Aim of the task -> For the entries below, copy exactly the line that contains "스프링 빈에 등록된 인스턴스" through the line that contains "Sziasztok! most vettem", both ends included, and exclude all pictures.
[Start of Attachment]
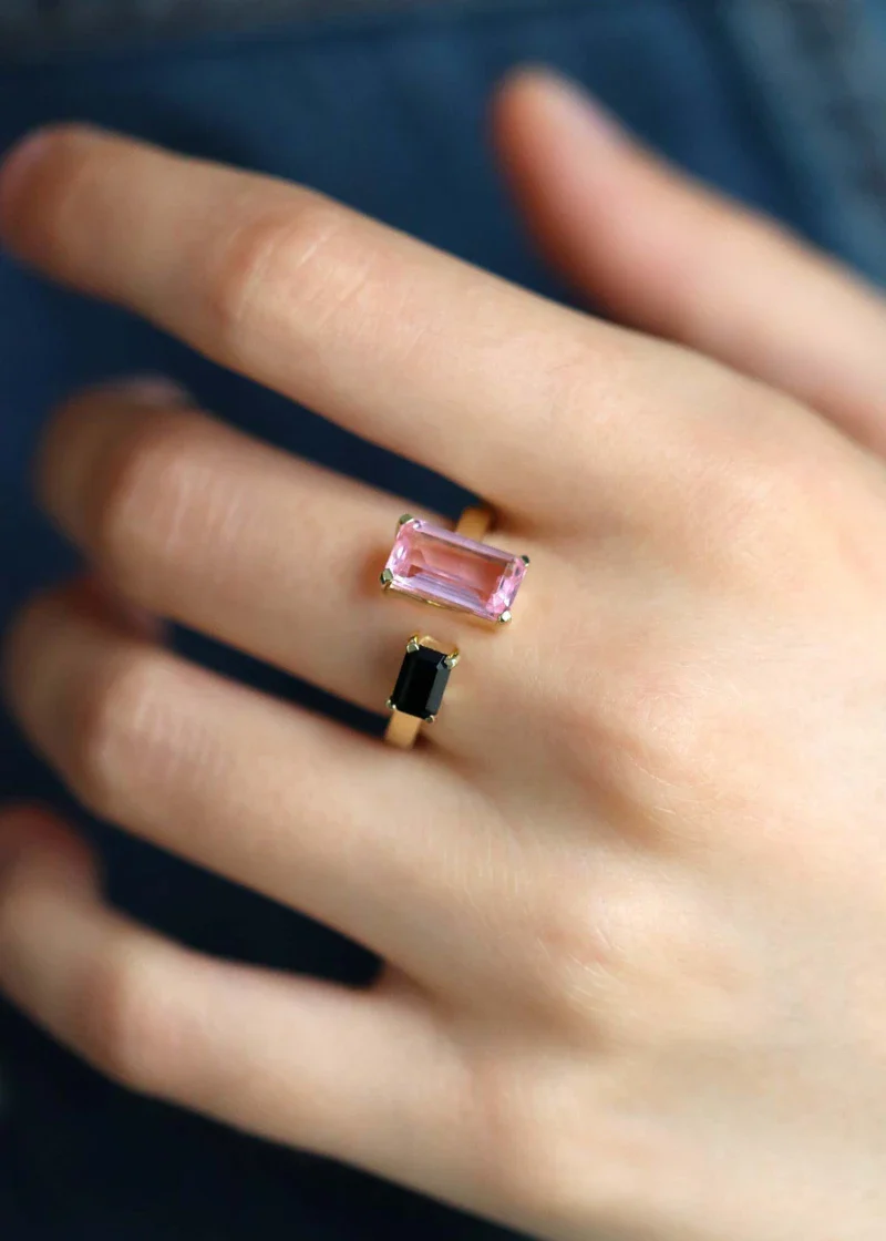 Avec son mariage entre le rose délicat du quartz rose et le noir profond de l’onyx, cette bague crée un contraste visuel fascinant qui ne manquera pas d’attirer les regards.
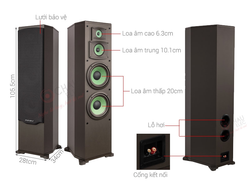 Cấu tạo: 3 đường tiếng (2 bass 25cm, 1 mid, 1 treble)
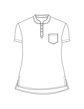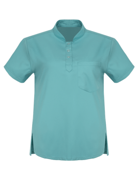 The short-sleeved shirt-style model with a loose, relaxed fit and a back dart that not only allows for unrestricted movement but also ensures you look absolutely fabulous. This scrub tunic accentuates your shoulders, highlighting your silhouette’s best features. The neckline is delicately finished with a small stand-up collar, and the front slit fastened with stainless steel snaps adds a touch of elegance and originality. Reaching mid-hips with a slightly extended back, this model boasts a unique character. The side slits offer flexibility, allowing you to tuck the front or back into your trousers for added style. Complete with a convenient pocket on the right chest, perfect for storing small essentials. It comes in a uniform colour with no contrasting inserts.
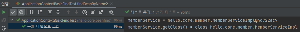 스프링 빈에 등록된 인스턴스 타입을 보고 결정하기 때문에 인터페이스(MemberService)가 아닌 구체화(MemberServiceImpl)로 적어도 됨
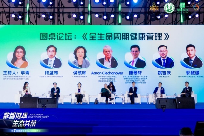 在大会的圆桌论坛环节,多位中外专家围绕《全生命周期健康管理》这一主题进行了深度对话。论坛由南方医科大学营养科主任李青教授主持,中国食品发酵工业研究院副院长段盛林、慕思集团总裁姚吉庆、哈佛大学医学院脂类研究院主任康景轩、2004年诺贝尔化学奖得主Aaron Ciechanover、广州体育学院副校长侯晓晖以及瘦吧健康产业集团联合创始人郭致诚等嘉宾,分别从生物发酵技术、睡眠科技、脂类营养、分子医学、运动科学和数字健康等不同维度,探讨了如何为不同年龄段、不同健康需求的人群提供系统化、个性化且可持续的健康管理方案。专家们一致认为,实现全生命周期健康管理的核心在于“精准化”与“个性化”,亟需打破学科壁垒,推动科研、产业与日常健康行为的深度融合。
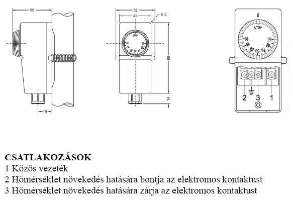 Sziasztok! most vettem egy csőtermosztátot amit szeretnék bekötni,mellékelem a rajzát (nem bekötési), valaki esetleg ezen fel tudná vázolni hogyan kössem be ha azt akarom elérni hogy a beállitott érték fölött kapcsoljon egy szivattyút? köszi
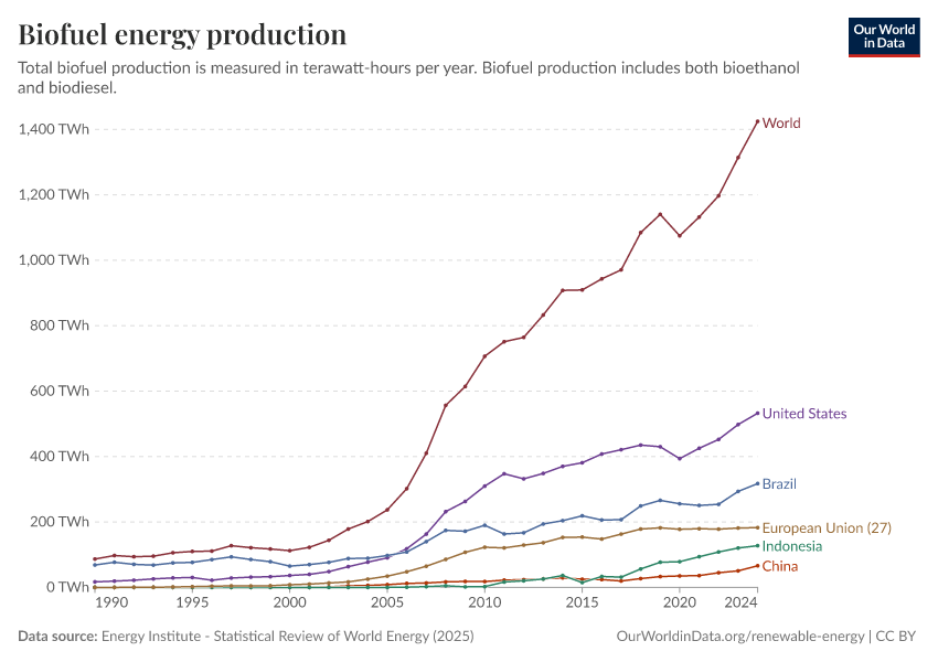 Hannah Ritchie and Pablo Rosado (2026) - “Putting solar panels on land used for biofuels would produce enough electricity for all cars and trucks to go electric” Published online at OurWorldinData.org. Retrieved from: 'https://style-housekeeper-simplifyre.owid.pages.dev:8789/20260123-150202/biofuel-land-solar-electric-vehicles.html' [Online Resource] (archived on January 23, 2026).BibTeX citation
[End of Attachment]
Result of this task ->
 스프링 빈에 등록된 인스턴스 타입을 보고 결정하기 때문에 인터페이스(MemberService)가 아닌 구체화(MemberServiceImpl)로 적어도 됨
 在大会的圆桌论坛环节,多位中外专家围绕《全生命周期健康管理》这一主题进行了深度对话。论坛由南方医科大学营养科主任李青教授主持,中国食品发酵工业研究院副院长段盛林、慕思集团总裁姚吉庆、哈佛大学医学院脂类研究院主任康景轩、2004年诺贝尔化学奖得主Aaron Ciechanover、广州体育学院副校长侯晓晖以及瘦吧健康产业集团联合创始人郭致诚等嘉宾,分别从生物发酵技术、睡眠科技、脂类营养、分子医学、运动科学和数字健康等不同维度,探讨了如何为不同年龄段、不同健康需求的人群提供系统化、个性化且可持续的健康管理方案。专家们一致认为,实现全生命周期健康管理的核心在于“精准化”与“个性化”,亟需打破学科壁垒,推动科研、产业与日常健康行为的深度融合。
 Sziasztok! most vettem egy csőtermosztátot amit szeretnék bekötni,mellékelem a rajzát (nem bekötési), valaki esetleg ezen fel tudná vázolni hogyan kössem be ha azt akarom elérni hogy a beállitott érték fölött kapcsoljon egy szivattyút? köszi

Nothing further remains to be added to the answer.